I spent the first part of the night in the steel storage shed across the street looking for the signed tax statement from the county. But it was already too dark to see much, and I didn’t have a flashlight, so I drove to a convenience store on the other side of the freeway to get one. The streets were fogged in and the air was wet and too cool for shorts. Back in the shed I found one of Nick’s old sweatshirts and pulled it on. It was black-and-white with the logo of a band he used to play bass for years ago. It was clean so didn’t smell like him, but I could still picture him in it, lying on the couch while he read a paperback with the TV or radio on, sometimes both. That was always how he read.
After over an hour going through my boxes and bags, my neck stiff from holding the butt of the flashlight between my chin and chest so I could use both hands, I almost gave up when I remembered my trunk. I pulled two full trash bags off it, then lifted the heavy wooden lid. Inside were things I hadn’t even looked at since moving west: old clothes and shoes, towels and blankets, a dozen rock albums from high school—mainly the Rolling Stones and the Allman Brothers, but no paperwork.
“Hello?”
I screamed and swung around and dropped the flashlight. A man picked it up and shined it in his face. It was shadowed and I stepped back, but then recognized the crooked mustache. Deputy Sheriff Burdon smiled, then handed me the flashlight, and I took a breath and let it out. “Shit, don’t dothat.”
“I’m sorry, I didn’t mean to scare you.”
“Well you did.”I put the pictures back in the trunk, then stepped out of the shed and padlocked it, squeezing the flashlight between my ribs and elbow. My heart was still beating fast, and it was completely dark now. Fog hovered in the lot and street. In the light from the security lamps over the sheds I could see Lester Burdon was wearing jeans and sneakers and a windbreaker.
“Did you get hold of Legal Aid?”
“Yeah, thanks.” I turned off the flashlight and began to walk across the lot. My bare legs felt cold, my nipples were hard against my shirt, I didn’t know how I felt about him being here. “You working under-cover or something?”

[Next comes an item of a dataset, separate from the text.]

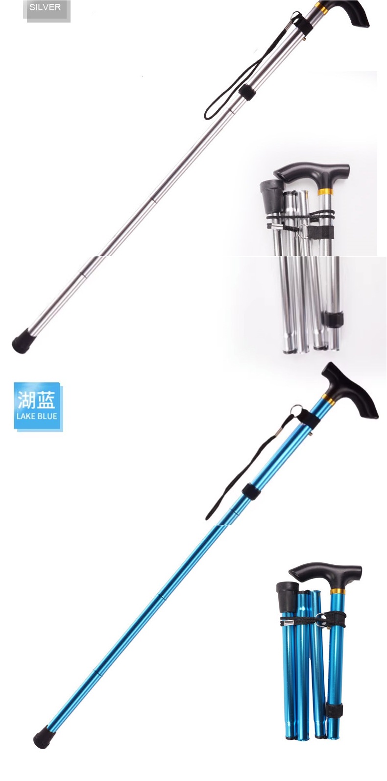 • [블랙 + 블루] 알루미늄 합금 접이식 목발

“Excuse me?” He looked down at his sneakers. “Oh, no, I’m off. I just—I drive by this way. I thought I’d check in on you, see how you’re holding up.”

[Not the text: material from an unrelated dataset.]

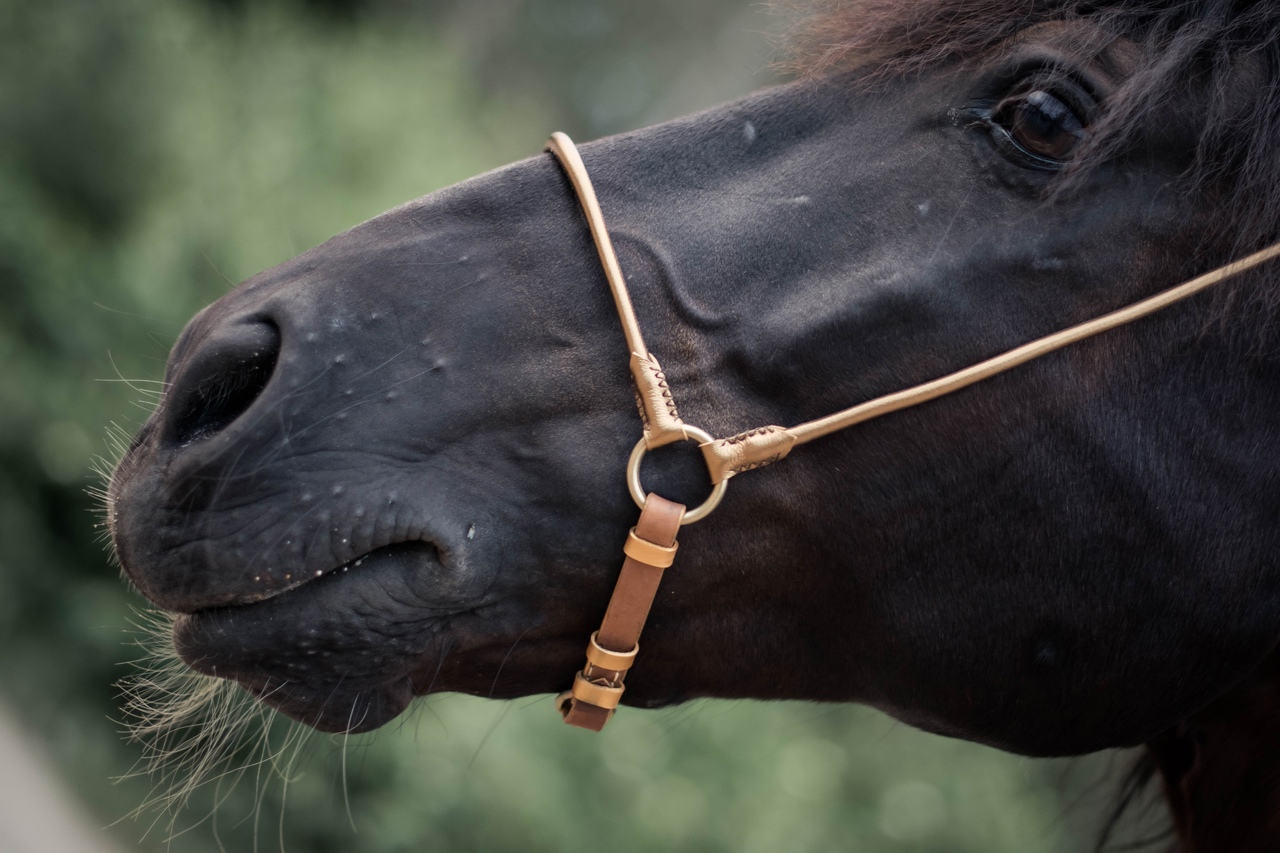 Тонкий и прочный выводной недоуздок бронзового цвета в комплекте с ремешком под челюсть вместо цепи для съёмки на свободе. Без регулировки на затылке. Размер cob - full (суголовный 96,5 см от центра колец, нахрапный 55-64 см). 2100 р.

He sounded like he meant it, and he seemed even softer than the day before when he’d led those men in kicking me out of my house. When we got to his car, a Toyota station wagon parked at the edge of the lot near the chain-link fence, I kind of hoped he’d keep talking; Connie Walsh was the first person I’d had a real conversation with in over eight months, and that was more of an interrogation than a talk. I wanted one, even with a sheriff’s deputy in the fog. He was looking across the street past the motel to all the tractor trailers parked behind the truck stop. I could hear the bass drum of the country band through the walls, cars moving over the freeway bridge down the block. He looked back at me, his face all somber. “Can I buy you a cup of coffee, or something?”

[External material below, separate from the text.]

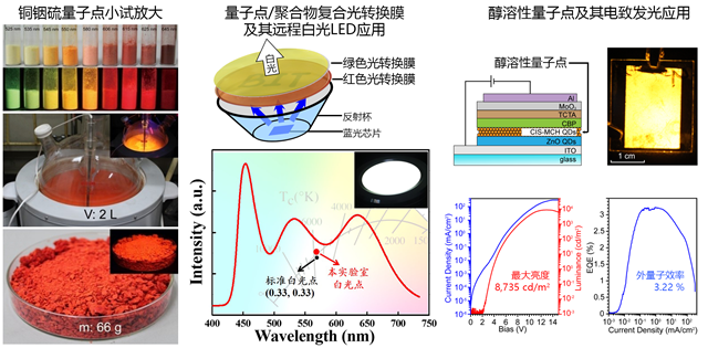 圖1 CuInS2量子點的小試放大及其遠程白光LED燈具和電致發(fā)光顯示應用

“That’d be all right.” I told him I had to put on something warmer first. He waited in his car in the motel lot and I changed into the same clothes I’d worn to Legal Aid. I rubbed deodorant under my arms and ran some eyeliner under my bottom lashes.
We both agreed the truck stop would be too loud, so we ended up at a Carl Jr.’s a mile past the freeway on the outskirts of San Bruno. The place was brightly lit and smelled like fried chicken and potatoes. I hadn’t eaten and my stomach felt hollow, but I didn’t want to order food and change the offer of drinking coffee together into something else. We sat at a table by the window. Deputy Burdon had taken off his jacket and was wearing a striped golf shirt. His arms were tan, and the gold of his wedding band stood out bright against his skin. His mustache was as crooked as it had been the day before, his dark eyes a little moist. I had to be looking at the most serious man I’d ever met.